Na forum Lanci padły sugestie (podobno skuteczne), aby między tłoczek a klocek dać podkładki antywibracyjne. Ktoś stosował również pastę która miała spełniać podobną funkcje z tym, że po dwóch sezonach wymagała uzupełnienia, bo się wypłukiwała. Ktoś z was to przerabiał?
Miałem ten problem tylko przez chwile, ale nocą wszyscy wiedzieli że przyjeżdżam i już nie byłem „tym od Alfyl tylko tym „od piszczącej Alfy” :D:o
Pasta na prowadnice, podkładki antywibracyjne między tłoczki a klocek. Przerabiałem. Pasta pomogła mi na chwilę :D podkładki dłużej ale też nie na cały żywot klocków. Może kwestia modelu. Ale tak jak sam już wyczytałeś niektórym pomaga jedno innym drugie :) a jak widać inni problemu w ogóle nie mieli :D
Dorzucę swoje do tematu bo u siebie na początku śmigałem na tarczach zwykłych Brembo i klockach ATE i Brembo nic nie było. Drugi zestaw Tarcze 284mm Brembo Maxline klocki EBC Green stuff i nic nie piszczało. Teraz ta sama tarcza Brembo Maxline klocki Ferodo DS 3000 piszczą ale tak jak powinny sportowe klocki.
Znowu w GTA mam założony zestaw tarcza 330mm Brembo Coated Disc Line klocki Ferodo zwykłe i jak chamuje delikatnie na dojeździe to słychać mnie z kilometra. Będę zmieniać klocki na DS Preformance to dam znać czy pomogło.
Wysłane z mojego SM-S906B przy użyciu Tapatalka
Dzień dobry.
Po zakupie alfy aż do wymiany nie piszczały, niestety nie wiem/nie pamiętam co to był za zestaw. Po wymianie na nowe (brembo+ferodo) piszczą okrutnie, nie pomagają pasty, podkładki, czyszczenie itp.
PS
jeszcze niedawno był Lech Wójcik, zdążyłem kupić krótko przed zakończeniem działalności. Ale znów zbliża się wymiana, macie sprawdzonych sprzedawców?
Niestety nie.
Lech Wójcik to był gość. No zresztą jest, tylko sklepu nie ma.

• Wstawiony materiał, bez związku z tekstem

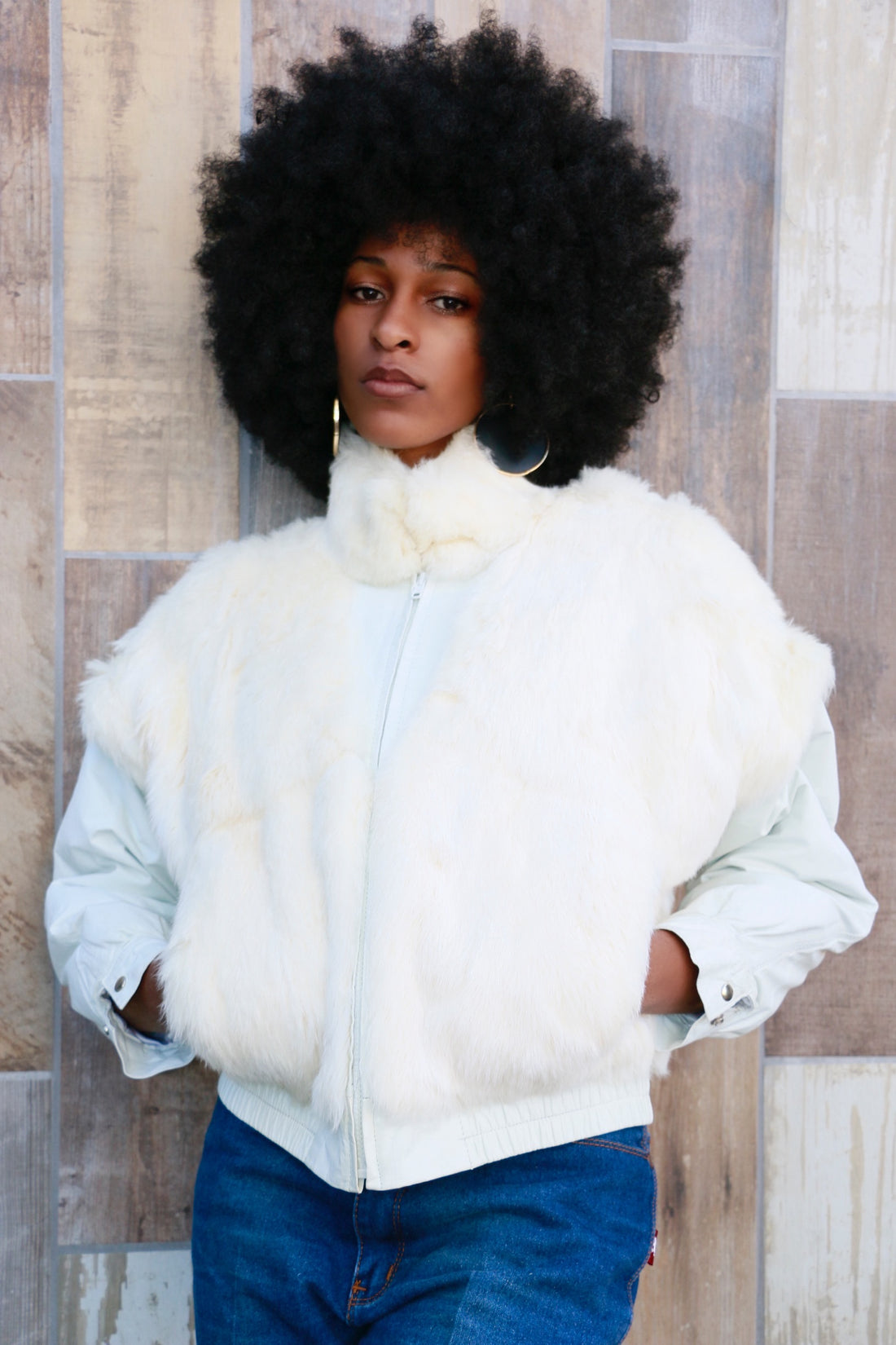 Suuuper soft fur bomber jacket. Zipper front covered with vegan leather.Β The softness of this...

Dodaje wideo z wjazdu na podziemny extra echo [emoji1787]
https://youtube.com/watch?v=kQFjV39qI98&feature=shared
Wysłane z mojego SM-S906B przy użyciu Tapatalka
Sąsiedzi: „O, ten od Alfy przyjechał” :D Wczoraj zadałem pytanie na Holenderkom i Włoskim forum, może zastosowanie jakiegoś rozwiązania rozwiązuje problem chociaż na jeden sezon.

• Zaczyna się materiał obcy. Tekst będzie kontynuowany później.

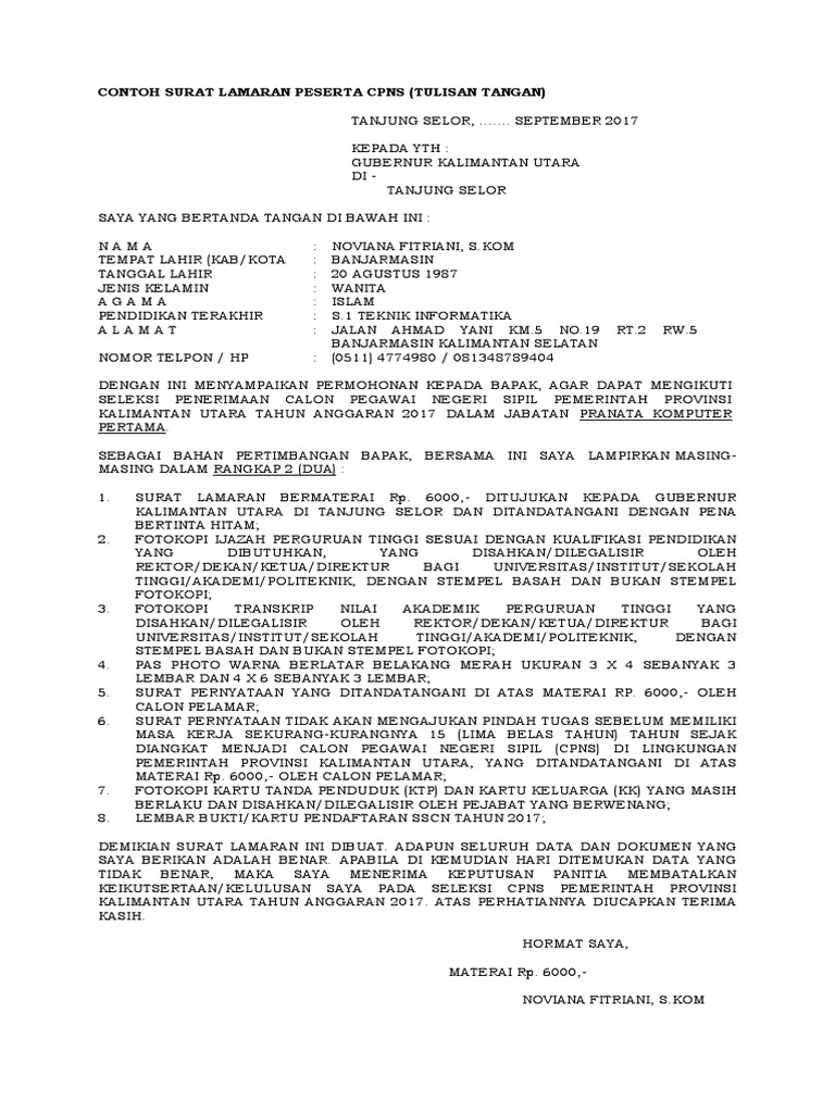 Melamar kerja adalah suatu hal penting yang harus dilakukan untuk memperoleh pekerjaan yang. Apakah kamu sedang mencari contoh surat lamaran kerja tulis tangan? Agar tulisan terlihat rapi antara kiri dan kanan gunakanlah alat bantu seperti penggaris. Contoh surat lamaran kerja yang baik dan benar. Dan berikut kami akan memberikan contoh surat lamaran kerja lengkap. Banyak sekali orang yang ingin menjadi cpns kartu pendaftaran sscn tahun 2019. Ada yang mewajibkan surat lamarannya harus ditulis dengan tangan dan ada juga surat lamaran yang diwajibkan untuk menulis surat lamaran cpns dengan ketikan berdasarkan dengan contoh surat lamaran cpns yang diinformasikan ke beberapa instansi bahwa surat tersebut memuat nama. Meski baru calon, contoh surat lamaran cpns ini tidak bisa dianggap remeh. Surat lamaran kerja merupakan dokumen yang dimanfaatkan oleh pencari kerja untuk memberikan informasi tertulis secara lengkap kepada perusahaan yang sedang membuka lowongan pekerjaan. Silahkan anda gunakan untuk keperluan anda melamar pekerjaan, namun jangan lupa untuk identitas yang terdapat dalam contoh di atas disesuaikan dengan identitas diri anda. Untuk surat pernyataan dan lamaran cpns instansi lainnya akan admin update berikutnya. Surat lamaran kerja biasanya ditulis dengan tangan atau diketik menggunakan komputer dan menggunakan tinta hitam. Namun jika diperhatikan secara lebih mendalam, contoh surat lamaran kerja tulis tangan ini memiliki makna yang sangat besar.

Walczyłem z tym długo. IMO to zależy od klocków. Wyczyść zaciski, skontroluj stan ślizgów klocka (pod nimi alu koroduje), przesmaruj co trzeba i zamontuj klocki ATE Ceramic. U mnie z tarczami Brembo (gładkie). Jeżeli nie przeszkadza ci nieco gorsza skuteczność hamowania na tych klockach (czyli powiedzmy, normalna) to powinieneś być zadowolony. Nie pylą tak, jak większość no i jest względnie cicho (czytaj o niebo lepiej niż na sportowych klockach) :D
- - - Updated - - -
Mi też ten setup piszczał. DS Performance bardzo, Premium już mniej, ale też.